Генерал рассуждал: взорвать мост? Сейчас? Этого делать не следует. Американцы узнают об этом до наступления. У них достаточно разведчиков. Тогда они не будут пытаться захватить мост, а пошлют саперов и всю свою чертову технику. Нет, пусть американцы надеются, что смогут без хлопот захватить мост. А когда первый «шерман» появится на мосту, мост надо будет взорвать.
Тогда они вынуждены будут отойти, вызвать штурмовиков, после этого наступит десятиминутное затишье, а затем они полезут снова. Всё вместе – генерал еще раз взглянул на часы – займет почти три часа.
Да! И после первой атаки надо будет взорвать мост. Как раз тогда, когда начнется вторая. Тогда им придется послать саперов, а на это тоже нужно время.
У генерала вспотели руки. Он зашагал по комнате.
Первая атака!
– Стоп!
Затем штурмовики, вторая атака.
Вот тут-то мост и взлетит на воздух. И все в целом займет три часа.
Генерал потер влажные ладони, чтобы отделаться от противного ощущения. Он опять подумал о семерых.
И снова в мозгу услужливо сработала пружинка.
VI
Семеро ребят полны воодушевления.
Унтер-офицер Шлопке оказался именно таким, каким нужно. Уж с ним-то они сумеют отстоять мост. Но что значит «с ним»? Они удержат мост при любых обстоятельствах! Это сказал сам генерал. Он сказал: «Желаю удачи, молодцы!»
Им оказано такое доверие! Такое доверие! «Патриотическая» речь Шлопке достигла цели.
Семеро с восторгом ловили каждое его слово и чувствовали себя мужчинами, когда Шлопке приправлял очередную прописную истину какой-нибудь сальностью.
– Один пулемет мы поставим слева у въезда на мост, там, где кончается выступ парапета.
– Но там негде!
– Ну что ж. Поищем справа! К чему мягко стлать, если не с кем спать?
– Там подходяще!
Они установили пулемет с восточной стороны за выступом парапета, который как бы замыкал мост.

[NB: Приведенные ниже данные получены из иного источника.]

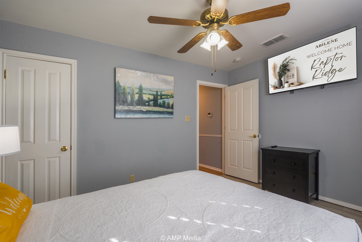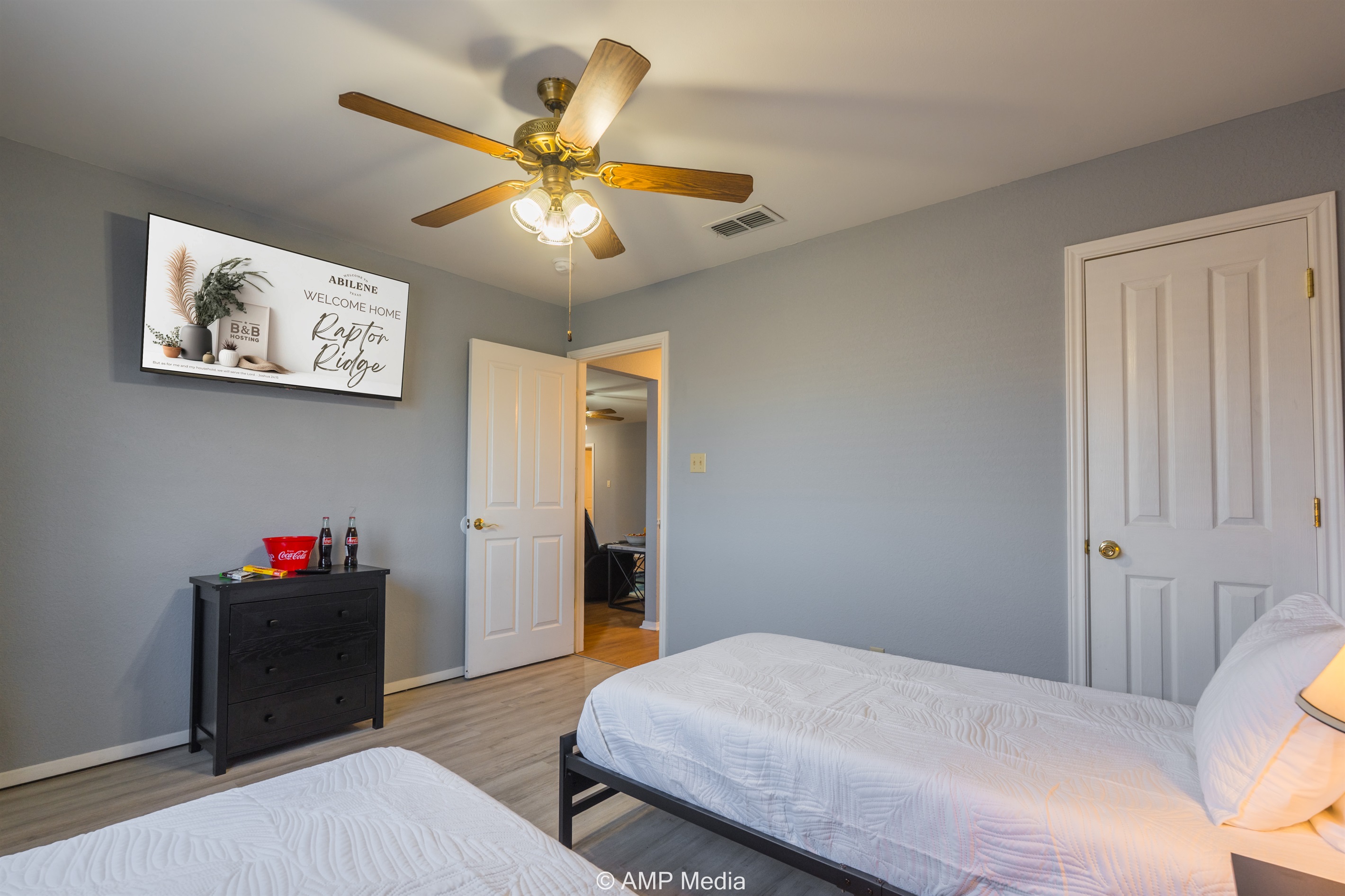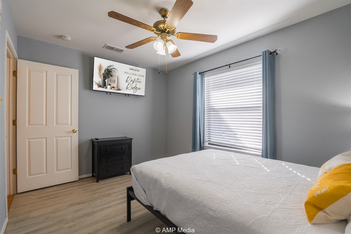 A serene space with neutral coastal artwork, ceiling fan, TV, and comfortable sleeping arrangements. This versatile room works perfectly for additional guests or as a quiet retreat.

– Шикарная позиция, – сказал унтер Шлопке, и семеро поверили ему. Только Шольтен позволил себе усомниться:
– Да разве это позиция!
Но Шлопке в два счета утер ему нос:
– Ну-ка, расскажи бывалому солдату, что такое настоящая позиция, сопляк! – И добавил: – Только смотри в штаны не напусти, дитятко!
Когда Хорбер снова принялся за свою банку с колбасой, унтера Шлопке вдруг осенило:
– Ребята! Я отлучусь ненадолго, организую мешки с песком!
И был таков. Неторопливо спустился с моста, пересек въезд – и юркнул в проулок, ведущий к верхней части города. Ни слова о том когда он вернется и что им пока делать, ни словечка.
– Мешки с песком – это здорово, – заметил Хорбер, снова ковыряя штыком банку. – Ну и покажем мы американцам!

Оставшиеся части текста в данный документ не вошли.